- Working data
----

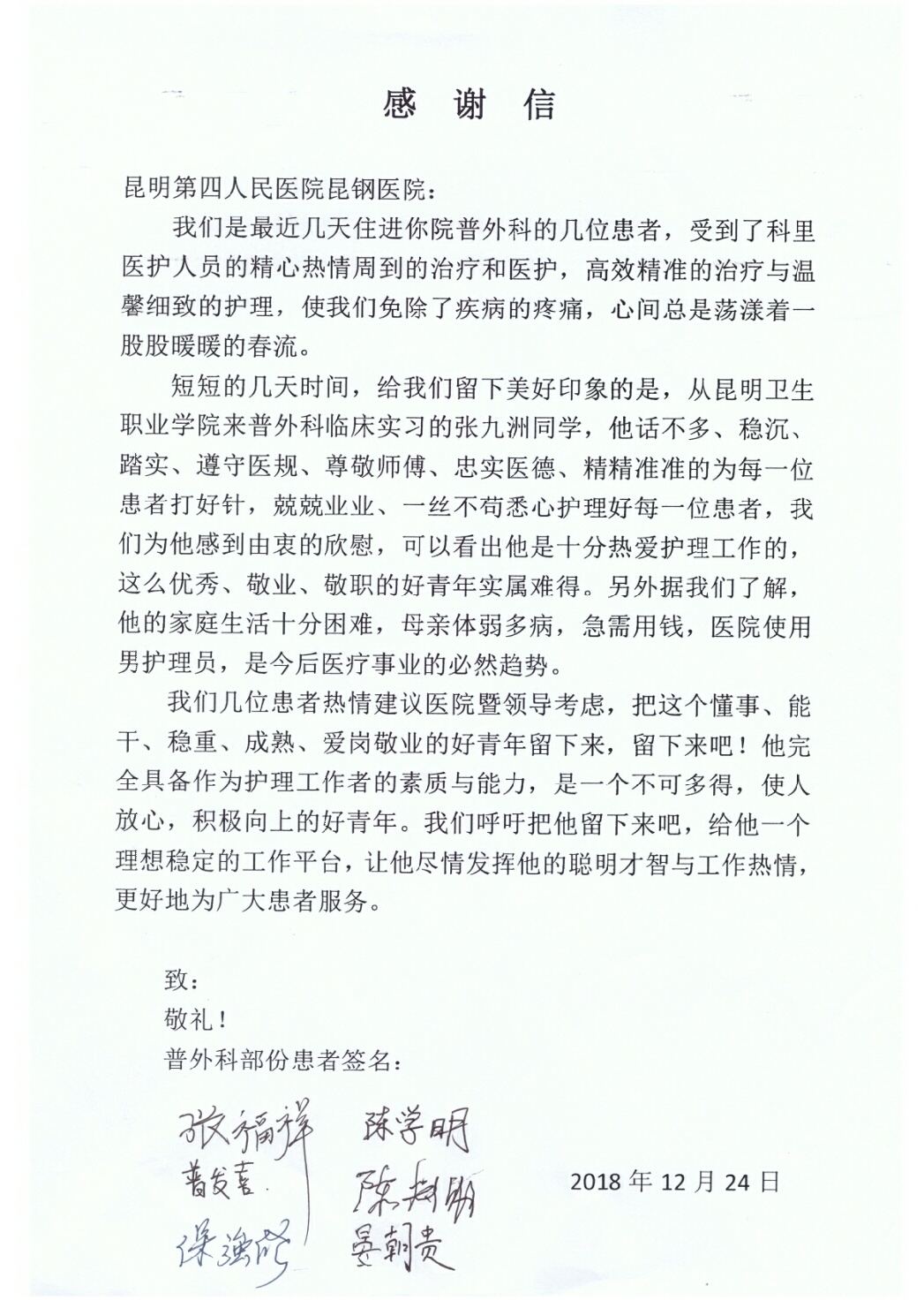 浦京护理专业实习生受到患者联名感谢
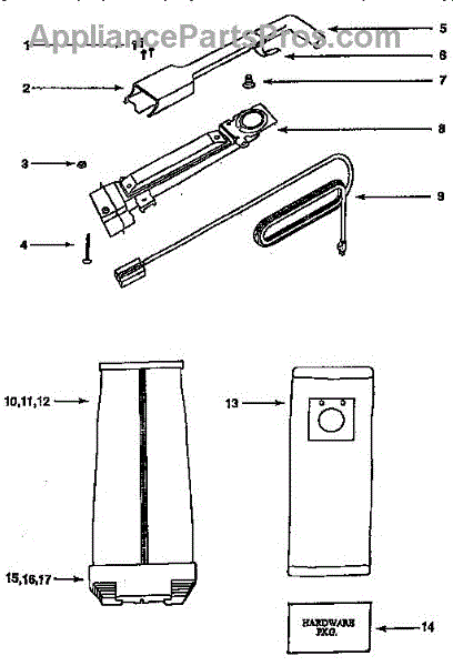 Parts for Eureka 9615D/DT: Handle And Bag Housing Parts
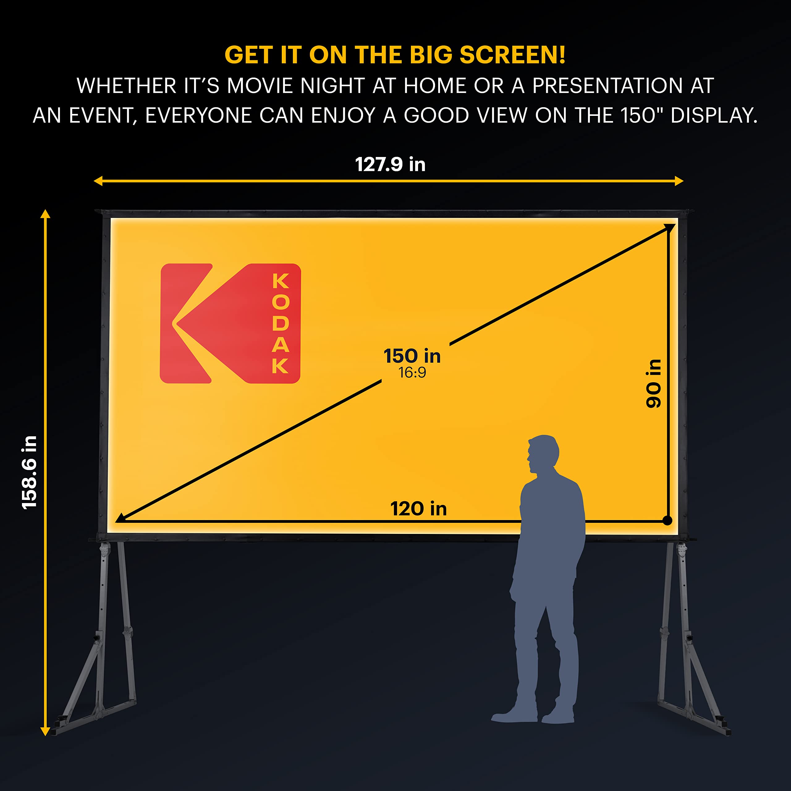 KODAK 150” Portable Projector Screen W/Stand - Fast Fold White Projection Backdrop for Outdoor & Indoor Movies with Tripod, Outdoor Stability Kit, & Black Storage Carry Case
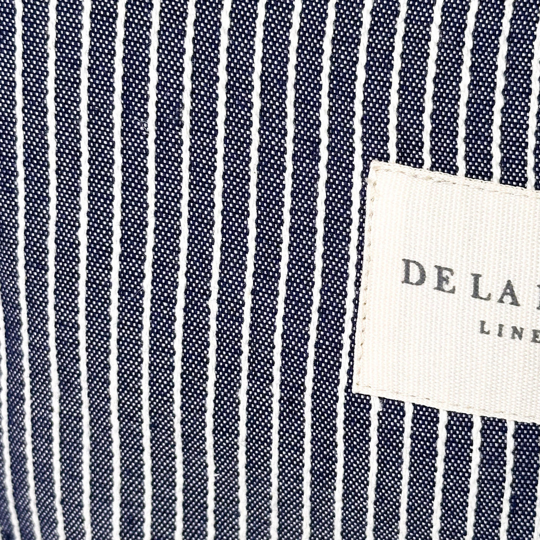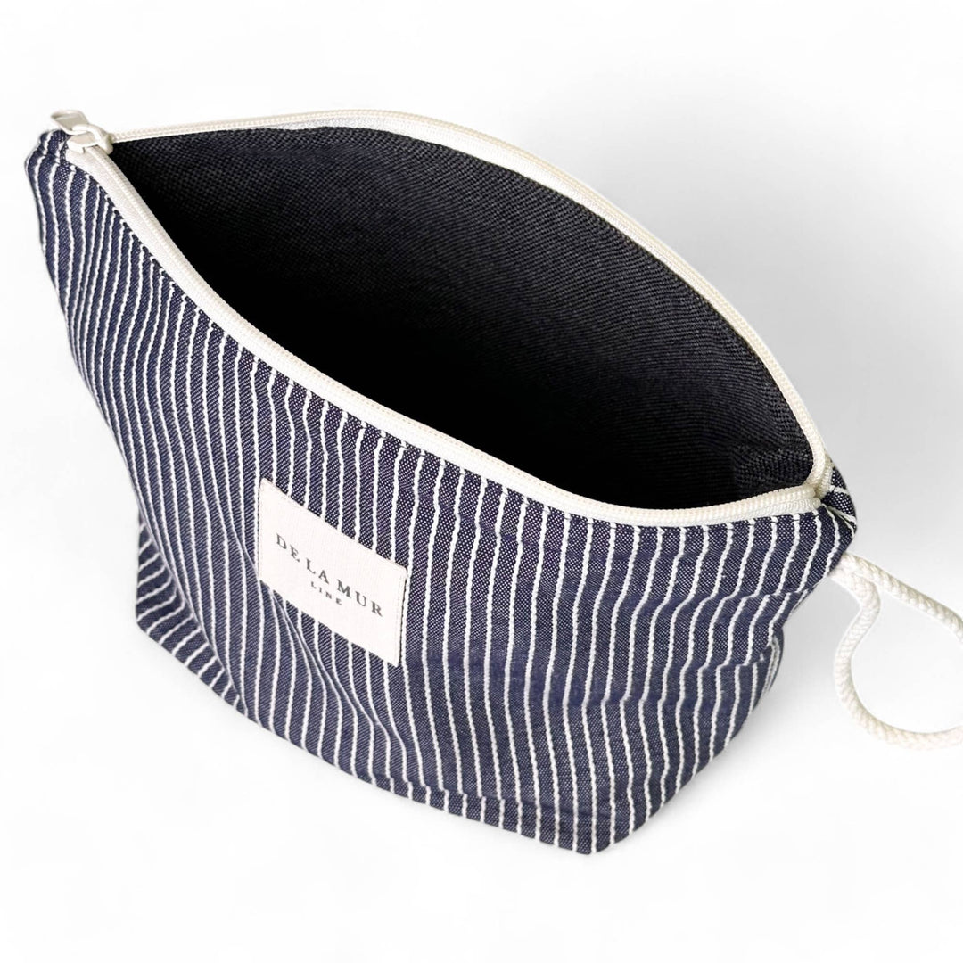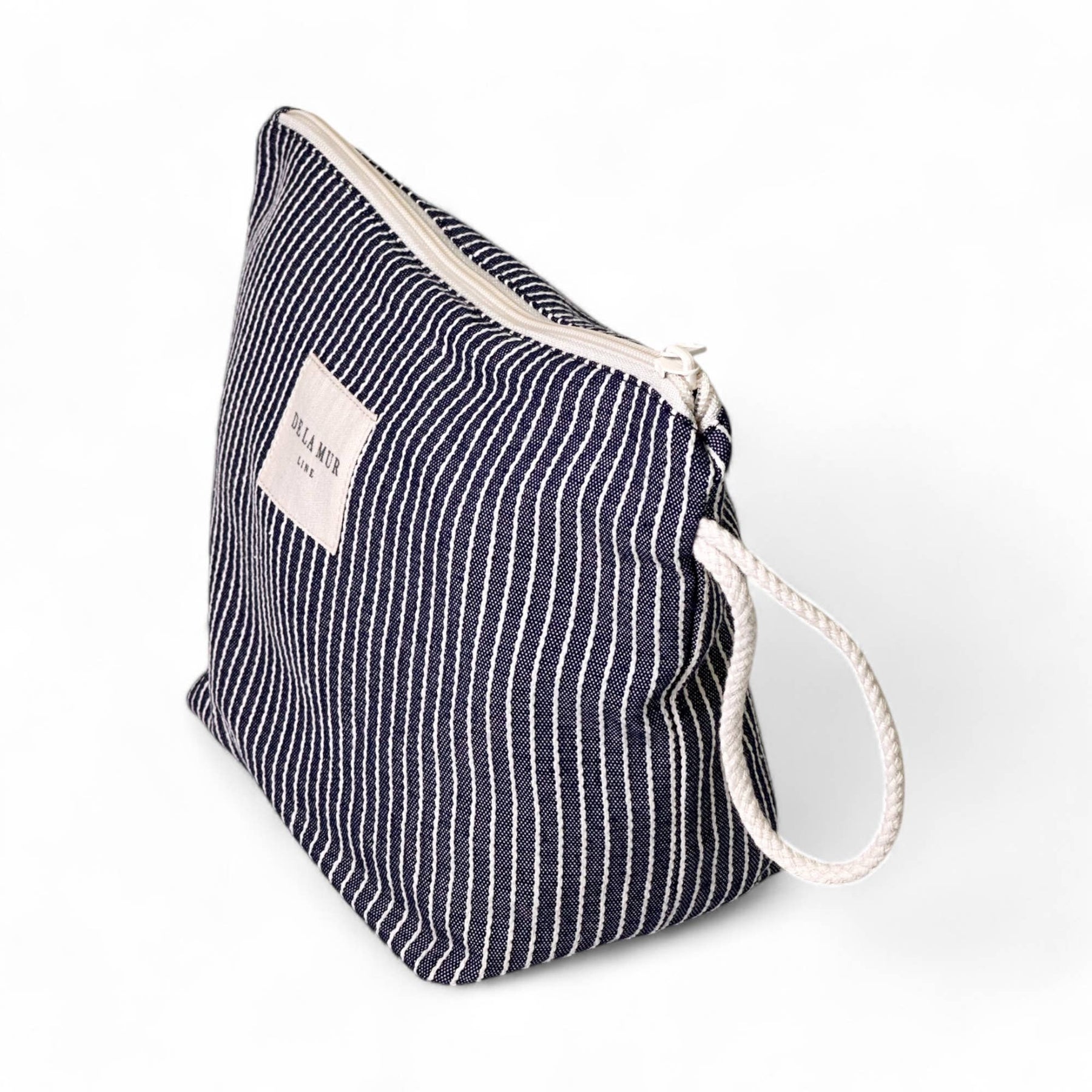 Toiletry bag with a zipper at the top and a cream-colored cord handle on the side. Made with thin striped fabric in off-white on a navy blue background. Lined with thick gray fabric on the inside. For proper care, it is recommended to wash it by hand in cold water and not to use a dryer.
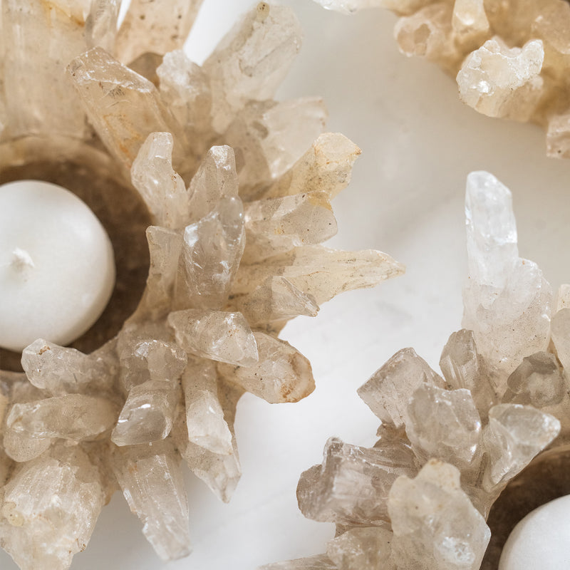 Quartz candle holders, made from 100% natural quartz. Each piece is unique and organic in shape.
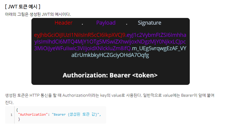 -페이로드 자체는 암호화 된 것이 아니라 base64로 인코딩된 것이다. 중간에 payload를 탈취하여 디코딩하면 데이터를 볼 수 있으므로 토큰에 중요 데이터는 넣지 않아야 한다.
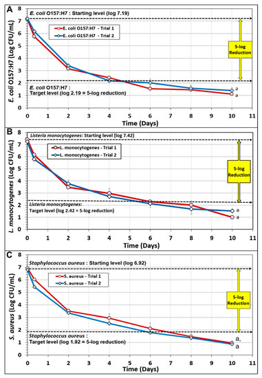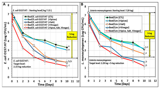 Each trial in this study was performed in duplicate replication with 3 samples tested per sampling period within each trial (n = 6) in accordance with validation testing criteria established by the NACMCF [28] and accepted by USDA-FSIS [29]. All replications were performed as autonomous and separate experiments using separately inoculated cultures and meat from different animals. Data are presented as the mean of multiple replications with standard deviation of the mean represented by error bars. Statistical analysis was performed using the statistics functions in Sigma-Plot ver. 13 (Systat Software, San Jose, CA, USA). Timed data series were statistically analyzed by repeated measures one-way analysis of variance (RM-ANOVA) using the Holm–Sidak test for pairwise multiple comparisons to determine significant differences (p < 0.05) between treatments. Data treatments with different letters are significantly different (p < 0.05); treatments with the same letter are not significantly different (p > 0.05).
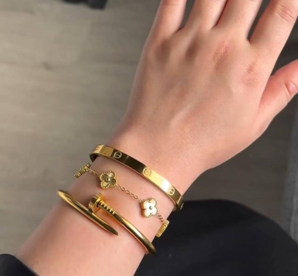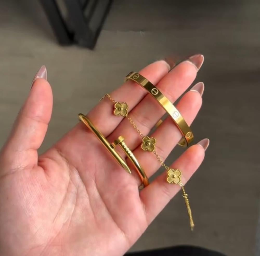تألقي بإطلالة فاخرة مع مجموعة الأساور الذهبية المميزة التي تجمع بين الأناقة والعصرية. تحتوي المجموعة على تصميمات متنوعة تشمل سوارًا بتفاصيل زهرة البرسيم المصنوع من عرق اللؤلؤ، وسوارًا بسلسلة ذهبية رفيعة مع عقدة أنيقة، بالإضافة إلى سوار بتصميم معدني عصري مرصع بلمسات براقة. هذه المجموعة مثالية لإبراز أنوثتك وتنسيقها مع إطلالاتك اليومية أو المسائية، كما تُعد خيارًا رائعًا كهدية فاخرة.
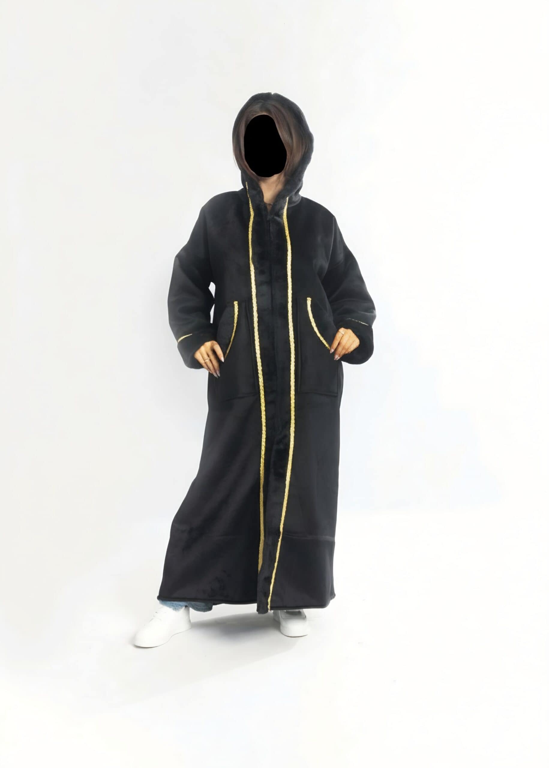 تفاصيل ذهبية أنيقة: تتميز الفروة بتطريزات قصب ذهبية دقيقة تحدد الأطراف والجيوب، مما يضفي لمسة من الفخامة والتميز على إطلالتكِ.
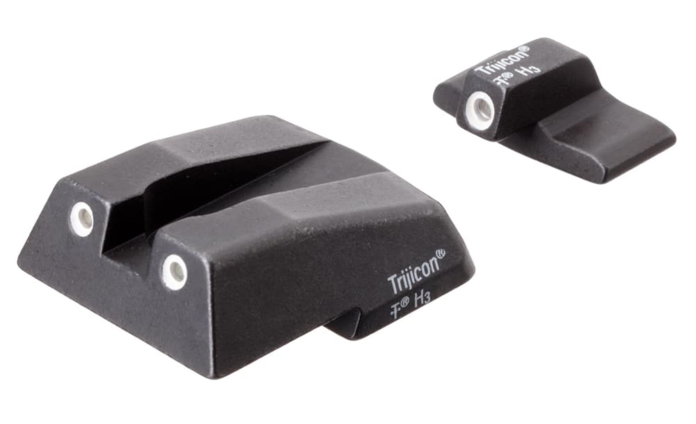 Trijicon Bright & Tough Night Sights are three-dot iron sights that increase night-fire shooting accuracy by as much as five times over conventional sights. Equally impressive, they do so with the same speed as instinctive shooting – and without the need for batteries. Housed in a metal body and cushioned within silicone rubber, Bright & Tough Night Sights feature a unique shock-resistant design. Each lamp is capped with a sapphire jewel to help evenly distribute the light while protecting the lamp from solvents and puncture. Contained within aluminum cylinders for additional protection, the lamps are mounted on silicone rubber cushions to withstand shock and heavy recoil. Green lamps are warranted for 12 years from the date of manufacture. Professional installation recommended. Front Sight Width: 0.138″. Front Sight Height: 0.24″. Rear Sight Height: 0.349″.
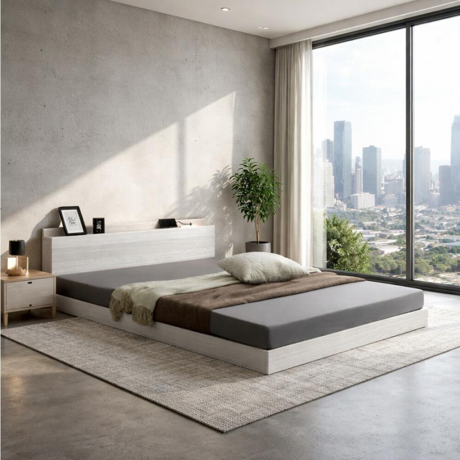 ベッド シングル すのこベッド シングルベッド おしゃれ ベッドフレーム ローベッド 宮付き USB コンセント付 木製 すのこ スマホスタンド付 ベット 連結

----

- Task statement
This exercise asks for an exact copy of the lines from the first one in the data through the line that contains "Quartz candle holders, made", pictures excluded.

- Task answer
 浦京护理专业实习生受到患者联名感谢
 Parts for Eureka 9615D/DT: Handle And Bag Housing Parts
 KODAK 150” Portable Projector Screen W/Stand - Fast Fold White Projection Backdrop for Outdoor & Indoor Movies with Tripod, Outdoor Stability Kit, & Black Storage Carry Case
 Toiletry bag with a zipper at the top and a cream-colored cord handle on the side. Made with thin striped fabric in off-white on a navy blue background. Lined with thick gray fabric on the inside. For proper care, it is recommended to wash it by hand in cold water and not to use a dryer.
 Quartz candle holders, made from 100% natural quartz. Each piece is unique and organic in shape.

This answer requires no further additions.